Task: Return the lines below exactly, from the first line to the line that contains "NITRA cylinder switch, square, PNP, N.O.". Leave out pictures.

*** Opening of Dataset excerpt ***

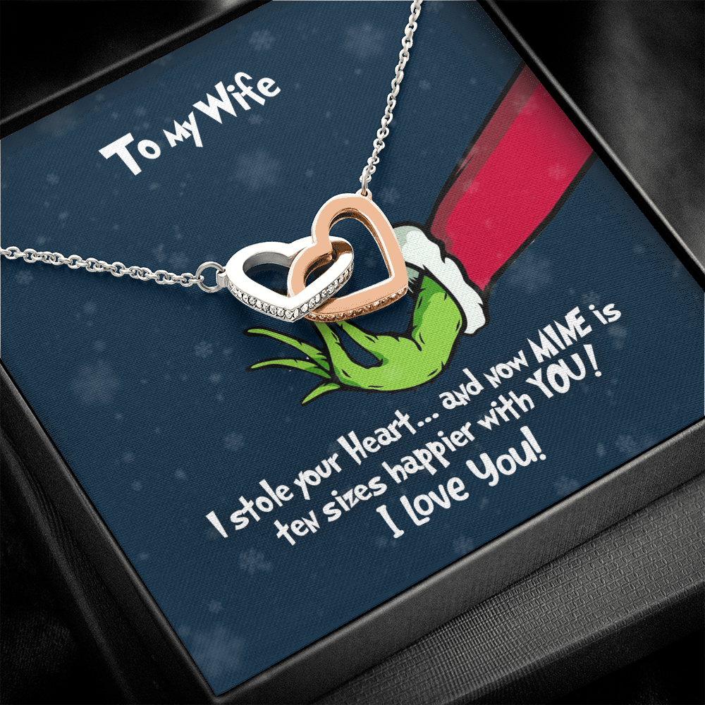 Grinch Christmas Necklace - To My Wife Interlocking Hearts
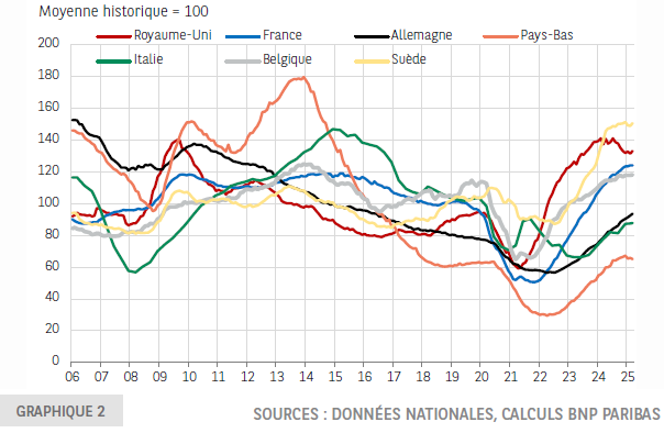 - Une deuxième phase de stabilisation dans un nombre croissant de pays (i.e. Suède, Belgique), voire de légère baisse au Royaume-Uni ou aux Pays-Bas. Toutefois, ces améliorations apparaissent nettement plus modérées que celles observées après d’autres pics (après la crise de 2008 ou celle de la zone euro), ce qui suggère davantage une érosion
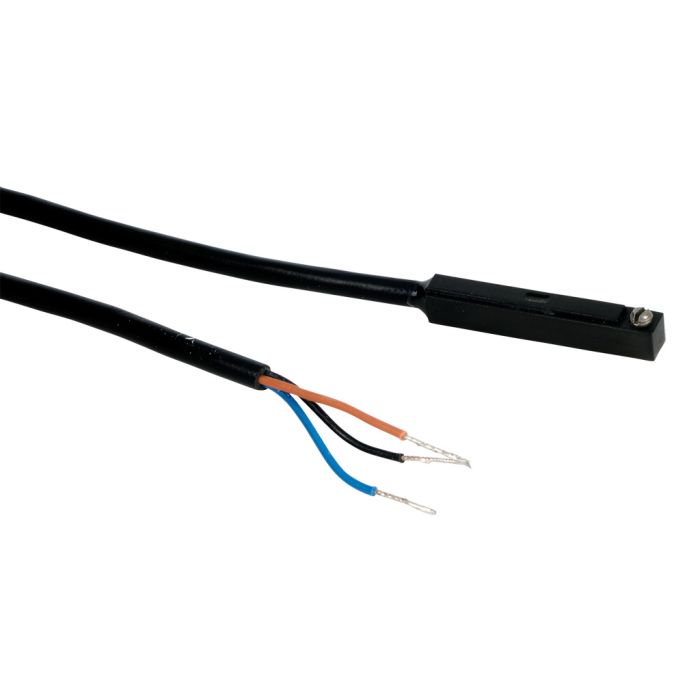 NITRA cylinder switch, square, PNP, N.O. output, 5-28 VDC operating voltage, LED indication, 9.8ft (3.00m) 3-wire pigtail with wire leads, 4mm square T-slot mount, for position sensing.
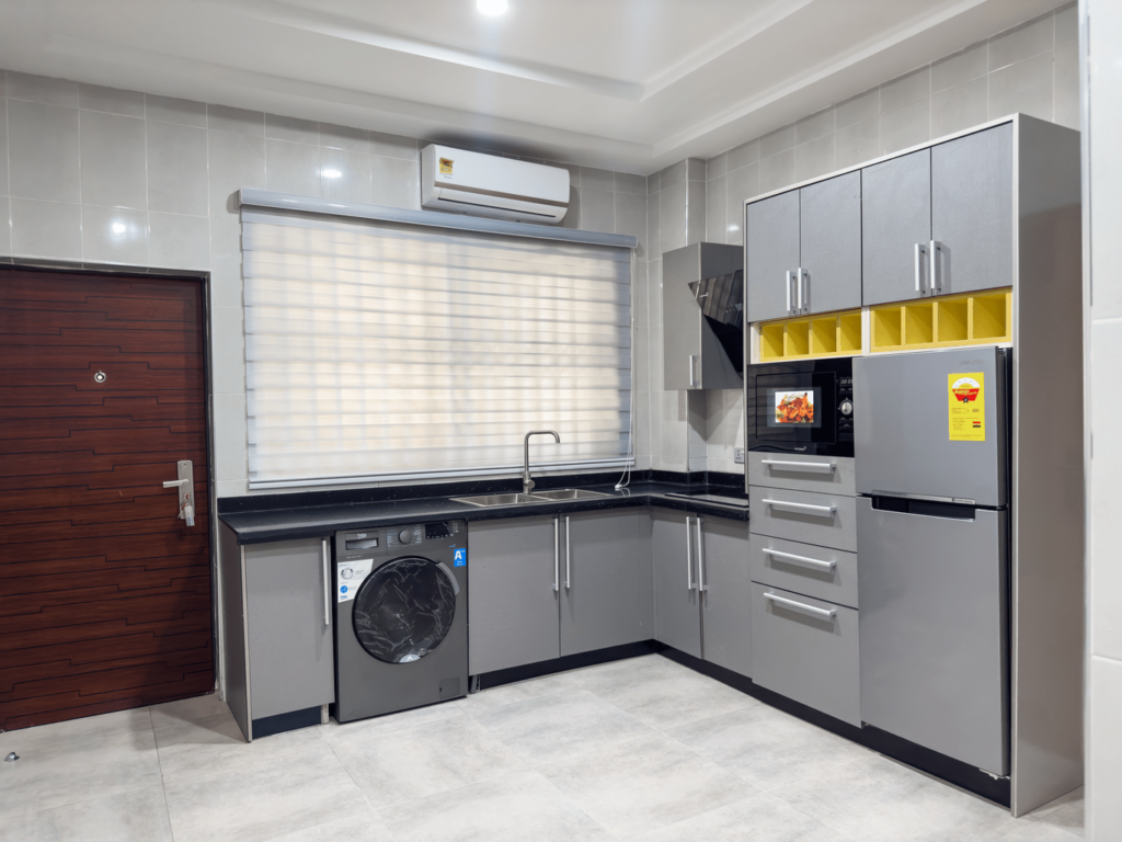 - Amenities: Air condition, Backup Power Supply, Bathroom with shower, carbon monoxide detector, Cooking utensils, Crib (Optional), Dining area, Electricity adapters, Hair dryer, Hand sanitizer, Hot Shower, In-room safe, Ironing Facilities, Kitchen/kitchenette, Living room/sitting area, Microwave,, Outdoor and On-Premise security monitoring, Outdoor swimming pool, Private Balcony, Private entrance, Refrigerator, Satellite TV, Sofa/lounge chairs, Tile Floor, Toiletries, Towels provided, TV – cable/satellite, TV – local only, Wardrobe, Washing machine

*** Close of Dataset excerpt ***

Exercise answer:
 Grinch Christmas Necklace - To My Wife Interlocking Hearts
 - Une deuxième phase de stabilisation dans un nombre croissant de pays (i.e. Suède, Belgique), voire de légère baisse au Royaume-Uni ou aux Pays-Bas. Toutefois, ces améliorations apparaissent nettement plus modérées que celles observées après d’autres pics (après la crise de 2008 ou celle de la zone euro), ce qui suggère davantage une érosion
 NITRA cylinder switch, square, PNP, N.O. output, 5-28 VDC operating voltage, LED indication, 9.8ft (3.00m) 3-wire pigtail with wire leads, 4mm square T-slot mount, for position sensing.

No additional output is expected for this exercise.